SECOND APPELLATE DISTRICT

DIVISION SEVEN

In re TUNG TRUST DATED B343197 OCTOBER 24, 2011 (Los Angeles County Super. Ct. No.20STPB01034 LILLIAN GAECKE, as Temporary Successor Trustee, etc.,

Plaintiff and Respondent,

v.

NICHOLAS YEH et al,

Defendants and Appellants.

APPEAL from an order of the Superior Court of Los Angeles County, Daniel Juarez, Judge. Reversed and remanded with directions. Braunstein & Braunstein, Clark Anthony Braunstein and Annie Berlin for Defendants and Appellants. Wright Kim Douglas and Jeffrey S. Cohen for Plaintiff and Respondent. __________________________

In 2011 Ya-Ching Tung established the Tung Trust, a revocable living trust, designating as successor beneficiaries her three children—son Lin-Chuan Yeh and daughters Lin-Chia Yeh and Lillian Gaecke.1 Lin-Chuan died in July 2016 and is survived by his three children, Nicholas, Savannah, and Joyce (the Yeh children). After Tung died in May 2019, Gaecke, as temporary successor trustee of the Tung Trust, filed a petition in the probate court seeking a determination that the transfer of trust property to Lin-Chuan failed because he had predeceased Tung. Over the opposition of the Yeh children, the court granted Gaecke’s motion for summary adjudication, finding California’s antilapse statute, codified in Probate Code section 21110,2 did not apply to preserve the transfer of property to Lin-Chuan under the trust for the benefit of the Yeh children. On appeal, the Yeh children contend the probate court erred in finding the antilapse statute did not apply. California’s antilapse statute provides that if the transferee under an instrument (including a trust or will) predeceases the transferor, if certain conditions are met, including that the instrument does not express a contrary intention, the transferee’s issue (lineal descendants) stand in the shoes of the transferee

1 We refer to family members who use the Yeh surname by their given names. 2 Further undesignated statutory references are to the Probate Code.

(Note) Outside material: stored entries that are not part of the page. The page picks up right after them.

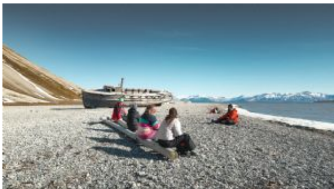
Descansando en las playas de Svalbard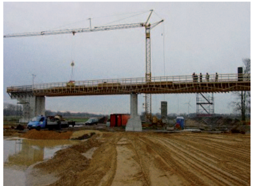
Real geplanter Mittelpunkt für Devese!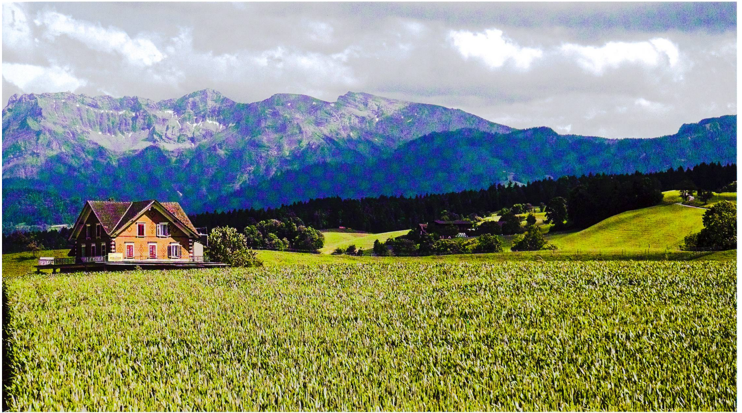
Reto Camenzind, ARE (3)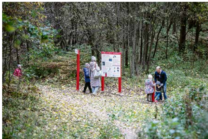
Маршрут стал частью проекта «Тропа47».

Еще одна особенность Курголовской тропы заключается в том, что информационные стенды, установленные вдоль всего маршрута, рас-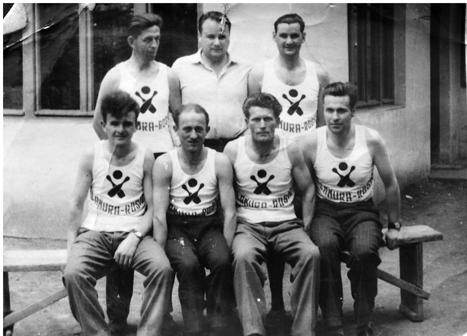
10. kép. A gyár kuglicsapata

csoportja is volt a gyárnak, akik különböző műsoros estéken és hivatalos állami ünnepek alkalmával léptek fel.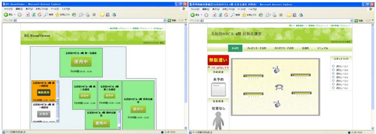
(図左：全ての会議室の状態を表す画面例)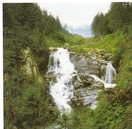
VADREGÉNYES ÚTVONAL A FOGARASI-HAVASOKBAN

A túrát a térképen jelölt szombatfalvi üdülőtelepről terveztünk indítani, feltételezve, hogy itt biztosan találunk sátorhelyet. Az üdülőtelep éttermében tájékoztattak, itt ugyan nincs kemping, de ha nagyon akarjuk, az udvaron felverhetjük a sátrakat. A hasraütés alapján ajánlott baráti árat nyomban el is fogadtuk, majd fizetés után a pincér a visszajáró összeg kétszeresét nyújtotta át, mondván elég lesz ennyi is. Fő a vendégszeretet! A kemping egyébként túlzottan magas színvonalat nem képviselt, a mosdóba csak az éttermen ke-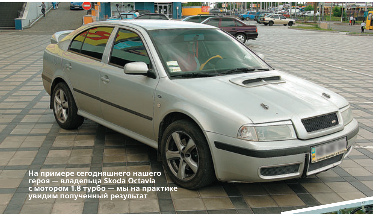
На примере сегодняшнего нашего героя — владельца Skoda Octavia с мотором 1.8 турбо — мы на практике увидим полученный результат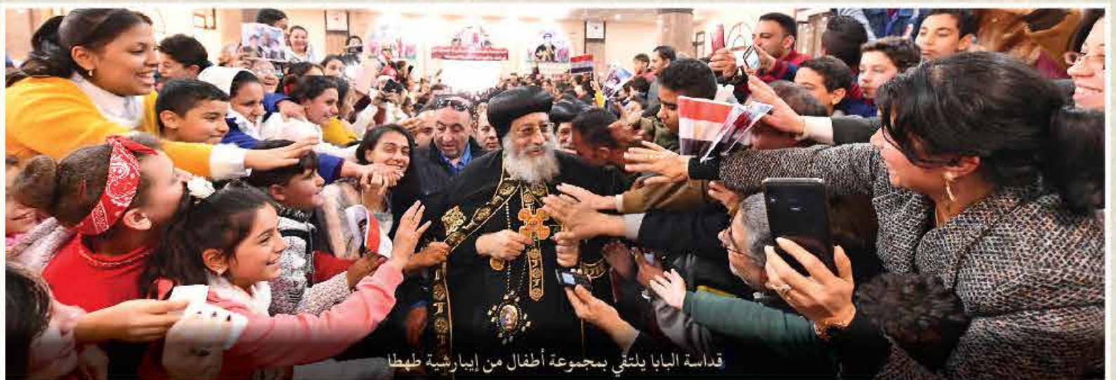
قداسة البابا يلتقي بمجموعة أطفال من ابارشية طهطا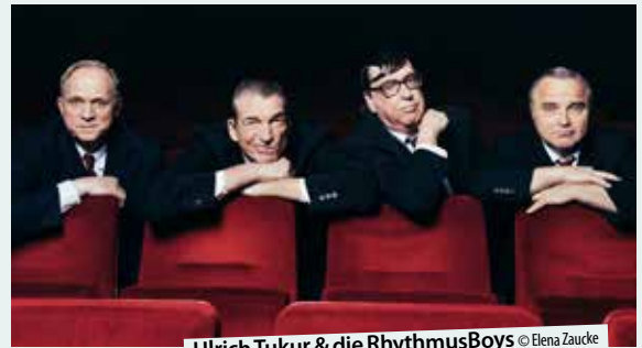
Ulrich Tukur &amp; die RhythmusBoys

UND SCHON EIN VORGESCHMACK AUF DAS 13. POESIEFESTIVAL: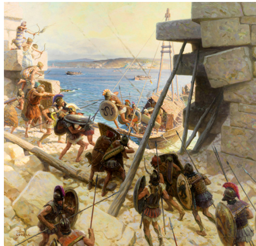
Soldados macedônios atacando Tiro

https://www.infoescola.com/wp-content/uploads/2010/04/cerco-de-tiro2.gif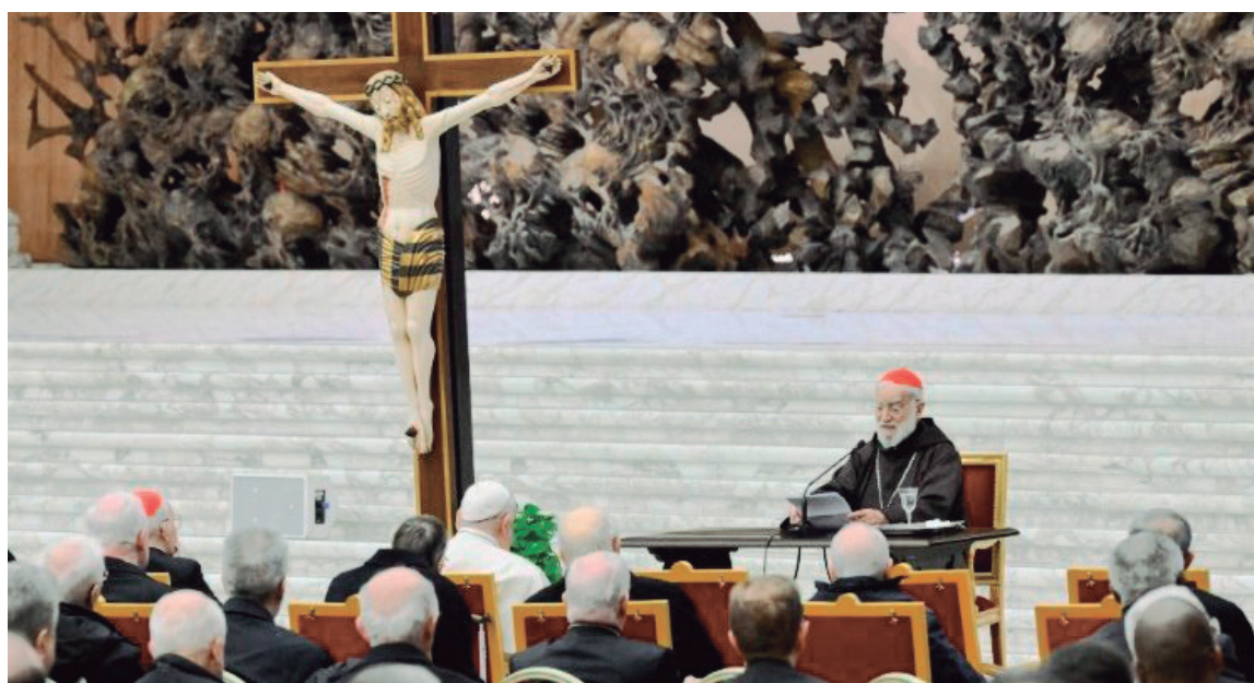
Segunda predicación de Adviento para el Papa y los miembros de la Curia Romana.

“La anunciación del ángel a María, la peregrinación de la fe de la Madre de Dios y la invitación de abrir las puertas de nuestro corazón a Jesús”, han sido los temas centrales, de la Segunda predicación de Adviento para el Papa y los miembros de la Curia Romana, dirigido por el cardenal Raniero Cantalamessa.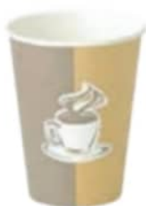
لیوان کاغذی بزرگ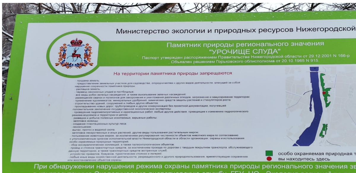
Фотография 4. Стенд министерства экологии и природных ресурсов Нижегородской области.

Кроме того внизу лестницы есть центр обучения горнолыжному спорту на Слуде имени А.А Семенова (на карте помечен ★).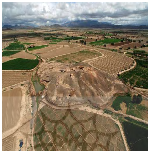
تصویر ۲: موقعیت محوطه دوره نوسنگی مهرگره دره سند در پاکستان (محمدی، ۱۳۸۵: ۴۵)

یکی از مهمترین محوطه‌های شرق ایران که مدارک مهمی از روابط تجاری- فرهنگی ایران با ملل شرق در اختیار قرار می‌دهد، تپه یحیی است (تصویر ۳). داده‌های باستان‌شناختی این محوطه باستانی ثابت کرده است که تپه یحیی نقش مهمی در توزیع و کنترل منابع طبیعی سنگ صابون در شرق و غرب داشته است. در دوره بعدی یعنی سال‌های ۳۴۰۰ تا ۳۲۰۰ ق.م تولید سفال نوع نال، که مدت‌ها در تمدن هاراپایی وجود داشته، در این منطقه متداول بوده است (توسلی، ۱۳۷۸: ۴۸). باتوجه به اشیاء و مدارک فراوان یافته شده از تپه یحیی و مدارک موثق از محوطه‌های باستانی گسترده شده تا بین‌النهرین از یک سو و دره سند از جانب دیگر، می‌توان به روابط تجاری که عامل مهم پیوند دهنده جهان باستان و همچنین عامل گسترش تمدن‌های پیشرفته به نواحی دیگر بوده است. بی‌تردید میان شهر سوخته و سرزمین‌هایی که بیرون از مرزهای جغرافیایی سیستان واقع شده‌اند، اجناس نیمه‌قیمتی و محصولات دریایی، داد و ستد می‌شده است. مهمترین آن‌ها سنگ کبالت است که از معادتهای عظیم بدخشان استخراج می‌شده و به شهر سوخته انتقال می‌یافت. (توسلی، ۱۳۸۹: ۱۶).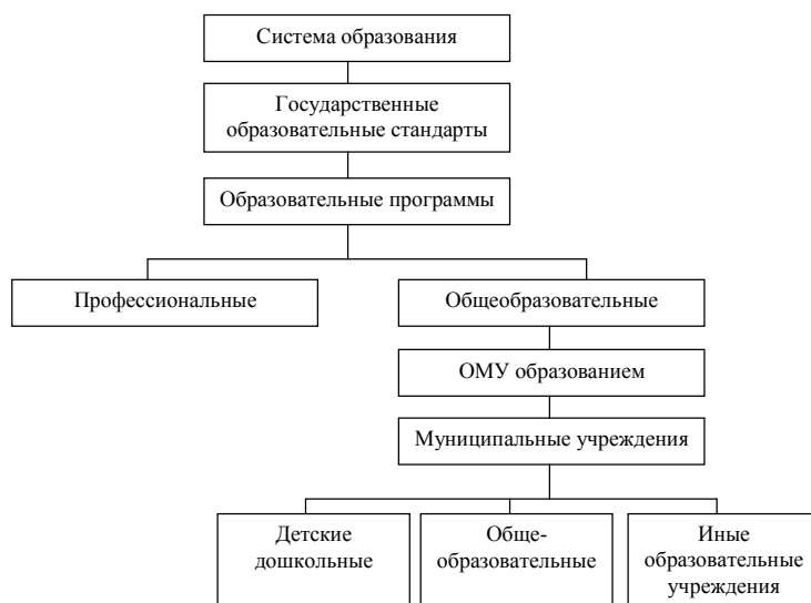
Рис. 1. Структура системы образования на муниципальном уровне

Реализация муниципальной политики в сфере образования и науки в значительной мере определяется уровнем работы соответствующих муниципальных органов, структура которых зависит от «финансовых возможностей муниципального образования, сложившейся системы управления, сети образовательных учреждений, а также наличия необходимых специалистов. На практике органы управления образованием в муниципалитетах могут быть организованы как отдел (комитет, департамент) образования в структуре местной администрации, имеющей статус юридического лица» [2].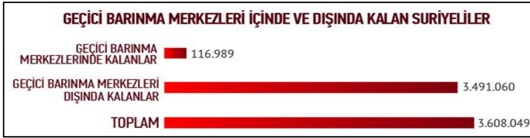
Tablo 2.2. Suriyeli Sığınmacıların Geçici Barınma Merkezlerine Göre Dağılımı 17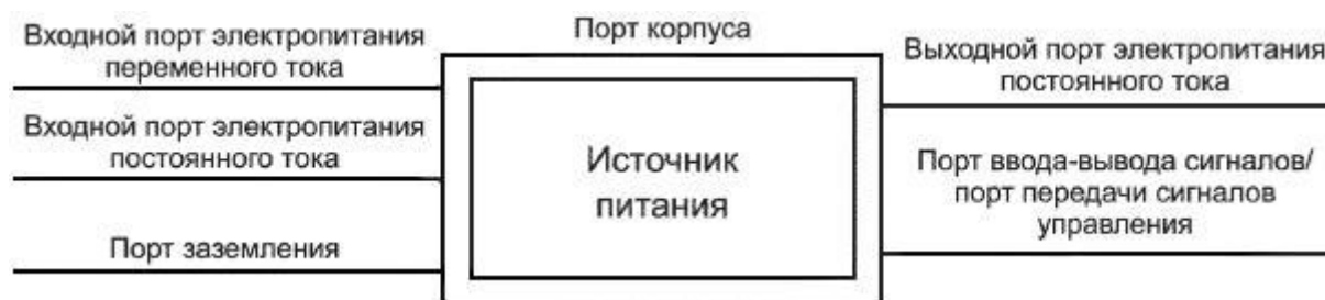
Рисунок 1 - Примеры портов источника питания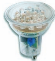
Foto 6. Lámpara Led.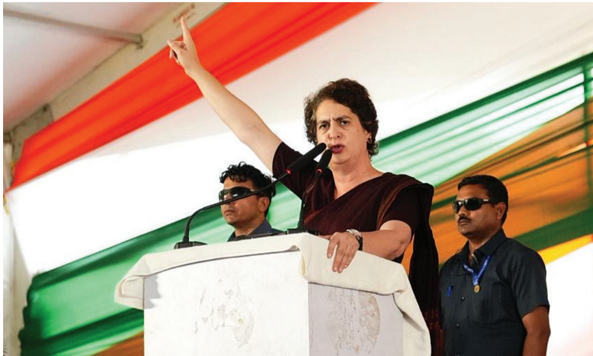
પ્રિયંકા ગાંધીએ કહ્યું હતું કે આ સરકાર યુવાનોને રોજગાર આપી રહી નથી. યુવાનો પરીક્ષા આપીને કંટાળી ગયા છે.

નવીદિલ્હી, તા. ૩ બિહાર ચૂંટણીમાં પ્રચાર માટે NDA એ તેના તમામ ટોચના નેતાઓને તેનાત કર્યા છે. આ દરમિયાન, મહાગઠબંધનના નેતાઓ પણ સત્તામાં પાછા ફરવા માટે અથાક મહેનત કરી રહ્યા છે. હવે, કોંગ્રેસ નેતા રાહુલ ગાંધી ઉપરાંત, પ્રિયંકા ગાંધી પણ ચૂંટણી મેદાનમાં ઉતર્યા છે. સોમવારે, તેમણે બિહારના સોનબરસામાં એક ચૂંટણી રેલી યોજી હતી, જ્યાં તેમણે NDA સરકાર પર જોરદાર નિશાન સાધ્યું હતું. તેમણે બેરોજગારી અને સ્થળાંતરને લઈને નીતિશ-મોદી ગઠબંધન પર પ્રહારો કર્યા હતા. પ્રિયંકા ગાંધીએ કહ્યું હતું કે બિહારના લોકો કામચલાઉ કામચલાઉ સુધી કામ કરવા માટે મુસાફરી કરે છે, કંઈ તહેવારોમાં તેમના પરિવારોને જોવા માટે. પ્રિયંકાએ કહ્યું હતું કે બિહારમાં કોઈ કામ નથી, ખેતીએ તેની આવક ગુમાવી દીધી છે, અને ખેડૂતો ખેતીમાંથી કંઈ કમાઈ શકતા નથી. બધું મોંઘું થઈ ગયું છે. પ્રિયંકાએ પ્રશ્ન કર્યો હતો કે, “જો સુરક્ષા કે રોજગાર નથી, તો તેમણે ૨૦ વર્ષમાં શું કર્યું?” પ્રિયંકાએ કહ્યું હતું કે તેમણે નાના વ્યવસાયો માટે કંઈ કર્યું નથી અને નોટબંધીથી તેમને વધુ અપંગ બનાવી દીધા છે.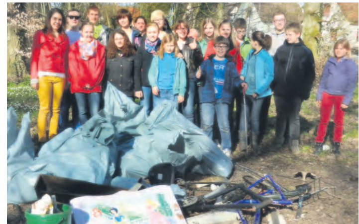
Der musikalische Nachwuchs des Musikverein Rielasingen-Arlen war fleißig und sammelte den Müll im Schnaidholz ein. Jetzt kann das Waldfest kommen.

sauberes Naherholungsgebiet ist und bleibt. Schon heute möchte der Verein zum diesjährigen Waldfest vom 14. Juni bis 17. Juni (Ausweichtermin ist eine Woche später) einladen.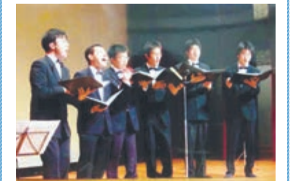
男性アンサンブルMENボウス

今回は、九州大学男声合唱団コールアカデミーのメンバーと、そのOBによるグループ「MENボウス」です。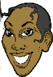
She has short hair.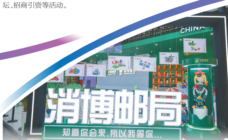
第二届中国国际消费品博览会上的中国邮政展台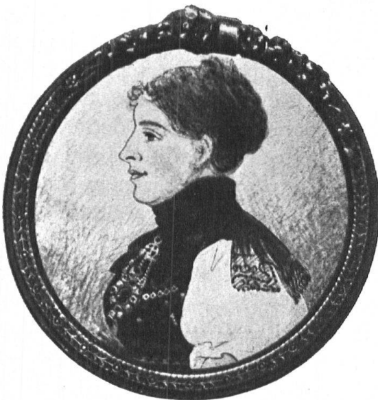
Abb. 3. Dehli mit Miniatur-Portrait. Neuendorf, ca. 1830. Fig. 3. Pendantif, dit „Dehli“, avec un portrait en miniature, datant de 1830 environ. Propriété de Mme Brunner-Walter, Granges.

für das Ländlich-Idyllische geweckt hatten, eine Reihe begeisterter Darsteller fand und eine Unmenge von Trachtenbildern entstehen liess. Sie sind freilich oft mehr malerisch-zierlich, als zuverlässig wahr. Die ältesten und besten dieser Original-Trachtenbilder sind wohl die um 1795 gemalten Trachtenbilder von Jos. Reinhart, die nun im historischen Museum zu Bern hängen. Darunter sind 4 Gruppen aus dem obern, 4 aus dem untern Kanton Solothurn stammend, letztere mit je einem Ehepaar aus Olten oder Umgebung. Andere Künstler, auch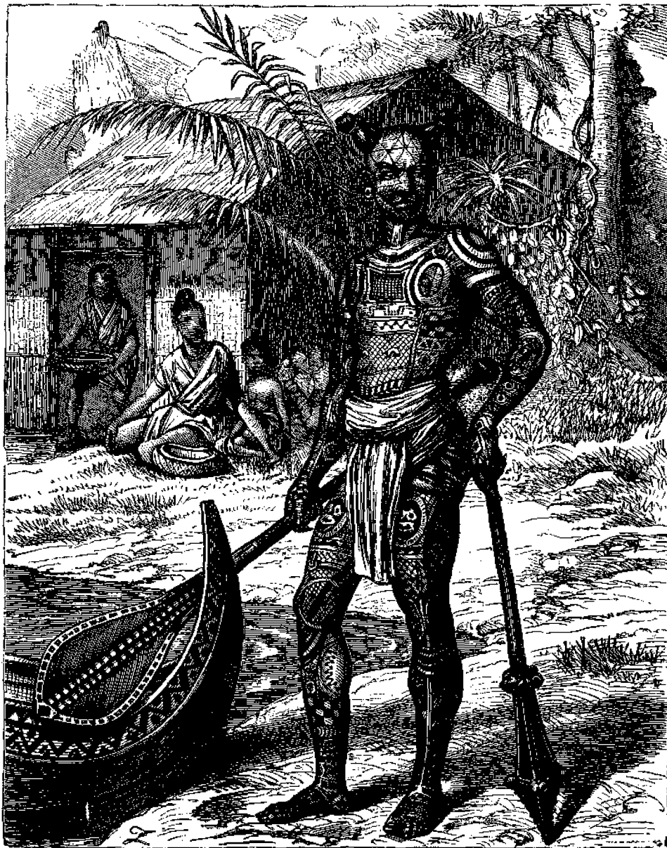
Πολεμιστὴς κάποιος τῶν Μαρκουεσσῶν νήσων.

Ὁ χρόνος, κατὰ τὸν ὁποῖον ἀνεκαλύφθησαν, δὲν εἶναι ἐξημερωμένος, τὸ δὲ 1842 καταλήφθησαν ὑπὸ τῶν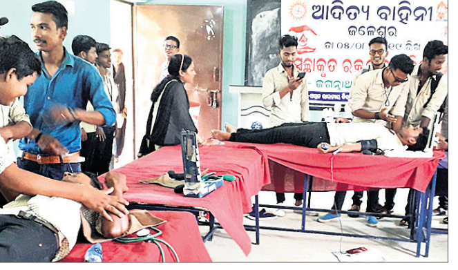
ଶିବିରରେ ଛାତ୍ରମାନେ ରକ୍ତଦାନ କରୁଛନ୍ତି।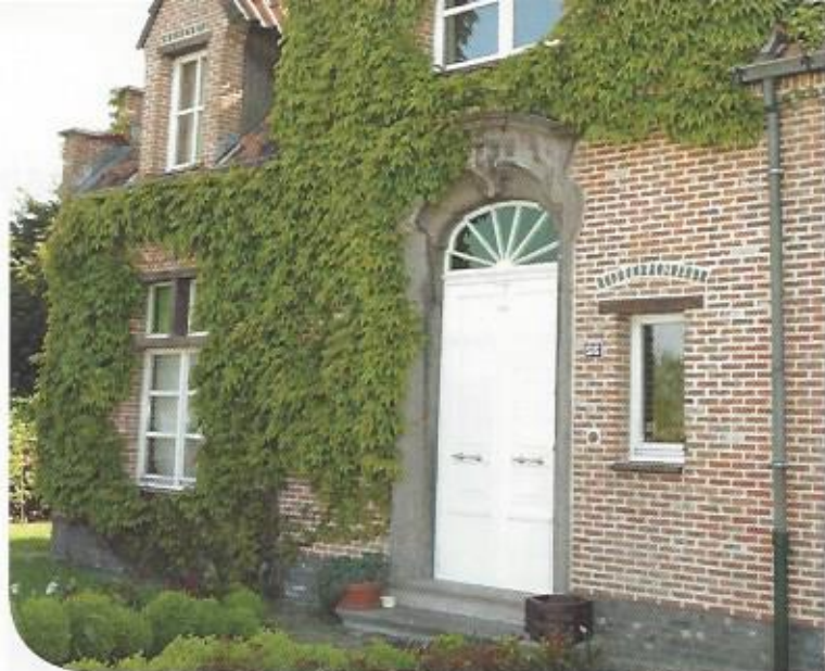
Zonder groeibegrenzer vertonen veel hechtende klimplanten een anstuitbare groei.

Gevelgroen koelt de stad door verdamping, houdt je gevel fris en biedt mogelijk nog heerlijke vruchten onder je pergola. Een straat met tegeltuinen betekent ook thuishoeren in een uniek stukje natuur.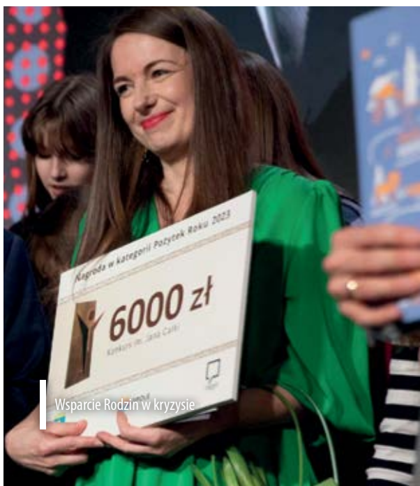
Wsparcie Rodzin w kryzysie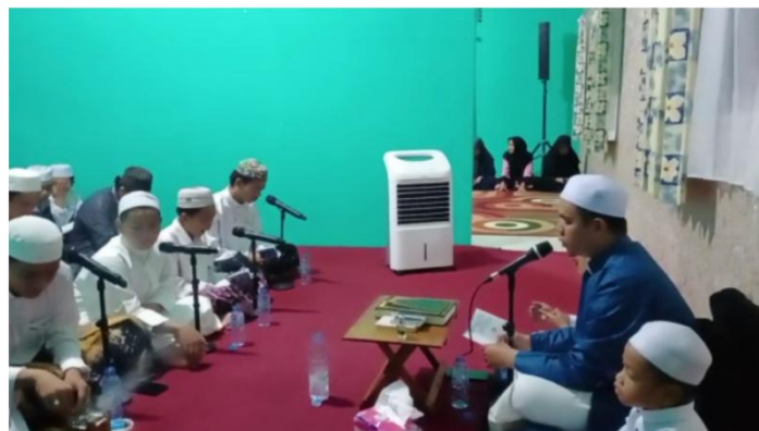
Kegiatan Pembacaan Simthu' Ad-Durar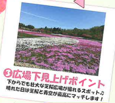
③広場下見上げポイント 下からでも壮大な芝桜広場が揺れるスポット。晴れた日は芝桜と青空が最高にマッチします!

魚沼芝桜まつりではInstagramにてフォトコンテストを開催しております! 素敵な写真をいっぱい撮って、ぜひ応募してみてください!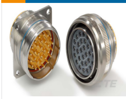
TE 产品编号 ZPF0000000000032946 983-ORS 20-16 SN-L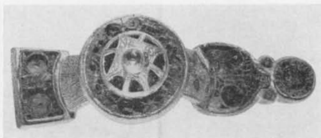
Fig. 4. Ryggknappspänne av förgylld brons med inläggningar i granatcloisonné från Ruda socken, Östergötland. 1/2. — Rückenknopfspange aus vergoldeter Bronze mit Einlagen in Granat-Cloisonné aus dem Ksp. Ruda.

endast äro antydda. På fig. 8 är nätt och jämnt knappen iakttagbar. Fig. 7 och fig. 10 visar en annan form av stilisering där ryggknappspännets tre delar blivit nästan jämnstora. I dessa två fall har denna detalj tidigare tolkats såsom ett pärlhalsband. 11 Om man jämför bilderna med fig. 6, förefaller det dock mera sannolikt, att man även i dessa fall avsett att avbilda ett ryggknappspänne. Med den kännedom vi har om pärlmodet under yngre vendeltid med fortsättning in i vikingatiden förefaller det över huvud taget osannolikt, att man burit pärlor i ett enkelradigt halsband synligt ovanför manteln på detta sätt. Under dessa epoker synes snarare det karakteristiska pärlsmycket bestått av en sammansatt flerradig pärluppsättning, avsedd främst såsom en heltäckande bröstprydnad. Detta framgår icke endast av samtida bildframställningar, jfr fig. 1—3, utan även av de iakttagelser man kunnat göra i fältet och av närmare analys av fynden, 12 där de obetydliga pärlspridarna, som från början kanske endast tjänat såsom lås i mer eller mindre kragliknande pärluppsättningar, nu bäres mitt fram såsom stora bröstprydnader. 13

2 and receive the benefit of the transfer.3 The antilapse statute prevents the unintended disinheritance of descendants of a transferee by creating a presumption that the transferor intended for the descendants to receive the transfer under the instrument in place of a transferee who has died by the time of the transfer. If the antilapse statute does not apply, the transfer under the trust fails, and the distribution under the instrument is made under the laws of intestacy. We agree with the Yeh children that the probate court erred in finding the Tung Trust expressed a “contrary intention” to override application of the antilapse statute under section 21110, subdivision (b). The trust provided that if a person named in the trust failed to survive the transferor (Tung) for 30 days, “the person shall be considered to have predeceased the settlor.” What the trust did not say is that if the person named in the trust failed to survive Tung for 30 days, the person would not receive the gift under the trust. In the absence of clear language indicating Tung’s contrary intention to disinherit Lin-Chuan’s issue (the Yeh children), the antilapse statute applied. We therefore reverse the order granting Gaecke’s motion for summary adjudication and direct the court to enter a new order denying the motion.

3 Section 50 defines the “‘[i]ssue’” of a person to mean “all his or her lineal descendants of all generations.”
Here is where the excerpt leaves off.